There’s a lot of pushback on DEI these days, with some major companies ending their DEI programs. This has been tied into the competence crisis, which is bullshit.
Let’s put the idea that there isn’t massive discrimination to rest. There have been many studies. One found that identical resumes from people with black names vs. people with white names had half the interview requests. A meta-study found the effect less overall: 24%.
Now I don’t know if DEI overcomes that, but modern studies don’t find any less of a gap, so I’m guessing “no”, though the effect on promotion may be more significant.
The obvious solution is to do something similar to the how orchestras evaluate musicians: they place them behind a screen, and they play their music. The evaluators don’t know who’s playing, or anything about them.
Modern technology makes this viable: wipe the resume of any identifying remarks and do the same with any testing.

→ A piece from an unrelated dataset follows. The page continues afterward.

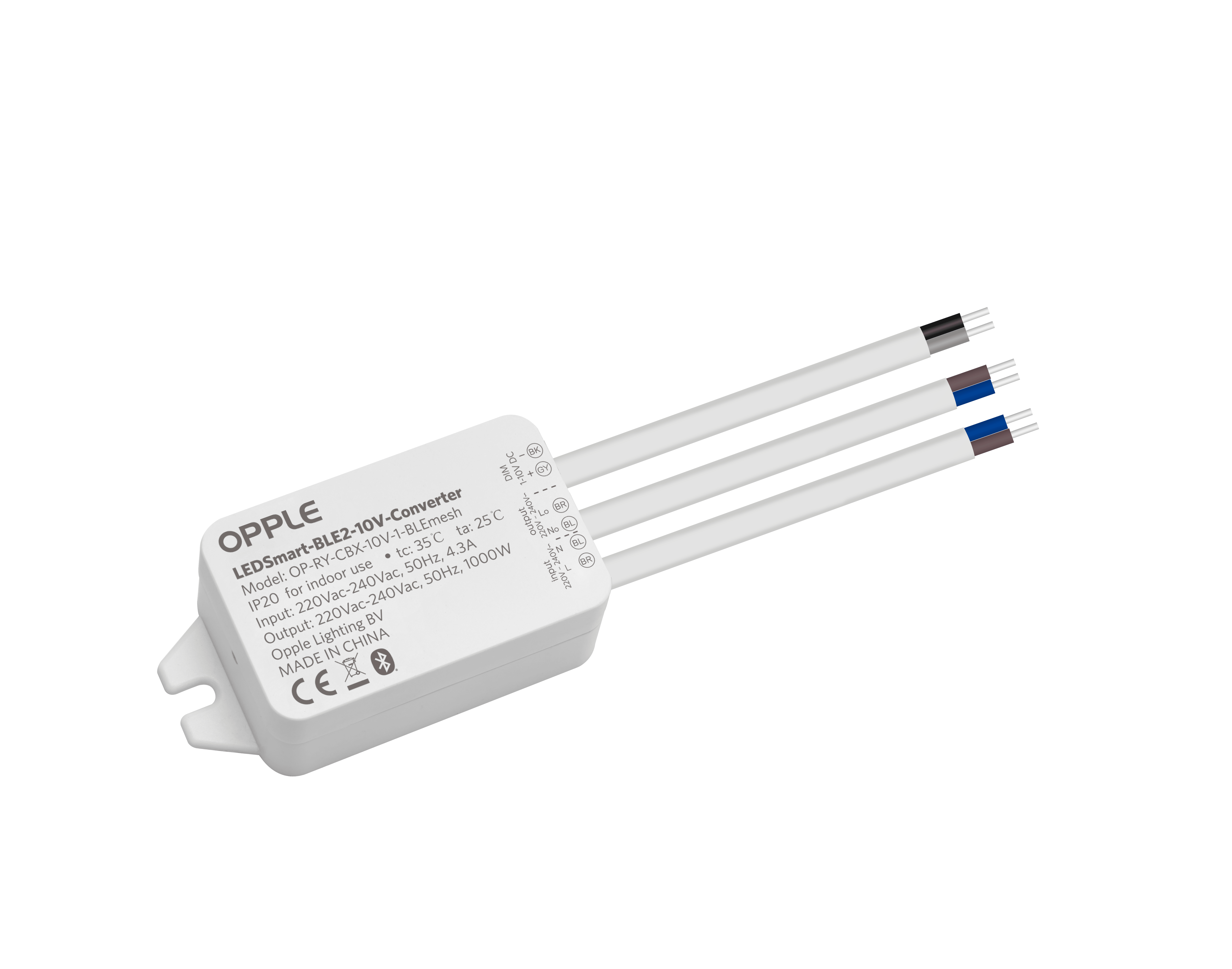 Convertitore compatto da BLE a 1-10V da utilizzare nei sistema di illuminazione intelligente OPPLE. Integra qualsiasi marca di apparecchio 1-10V nel sistema di illuminazione intelligente OPPLE. Controllo completo di uno o piu apparecchi 1-10V con Smart Switch o Smart App. Compatibile con i sensori intelligenti OPPLE BLE2 e gli interruttori intelligenti OPPLE BLE2. Semplice da configurare con la OPPLE Smart Lighting App, o Smart Connect Box con Smart Web Interface. Incluso contatore di energia, visualizzazione dei dati nell?app o nel portale. Comunicazione wireless completa tramite il protocollo Bluetooth? Low Energy (BLE) SIG Mesh standardizzato.

Have the interview with an avatar with a computer masked voice. If you really want to evaluate entirely on merit: their record and their abilities, that would be the way to do it.
The counter-argument is “cultural fit” and I’m not going to say that there’s nothing to it. The evidence is that diverse teams improve quality at the cost of speed and increased conflict but the benefits don’t accrue for teams which don’t work together much. If you’re doing something you already know how to do, where quality isn’t much of a factor, speed is and team members don’t interact much anyway, then there’s a case for “cultural fit” teams. But if you’re dealing with uncertainty, or quality is more important than speed, then a diverse team is probably better.
(Amusingly the evidence is that startup funds perform less well without diversity, but silicon valley hates diversity and prioritizes fit, which is one reason for their under-performance the last couple decades since the tech-bros took charge.)
I’m not a huge fan of DEI. It introduces a variable that shouldn’t matter. Problem is that variable already matters, and DEI is an effort to counter people hiring less competent people because of prejudice.
But there is another solution: one that prioritizes merit, at least for hiring (and it could be extended to some types of promotion decisions). Decisions based on blinding out gender and race.
If the real issue is merit and not something else, this is the obvious way to go. Strange how rarely it is suggested.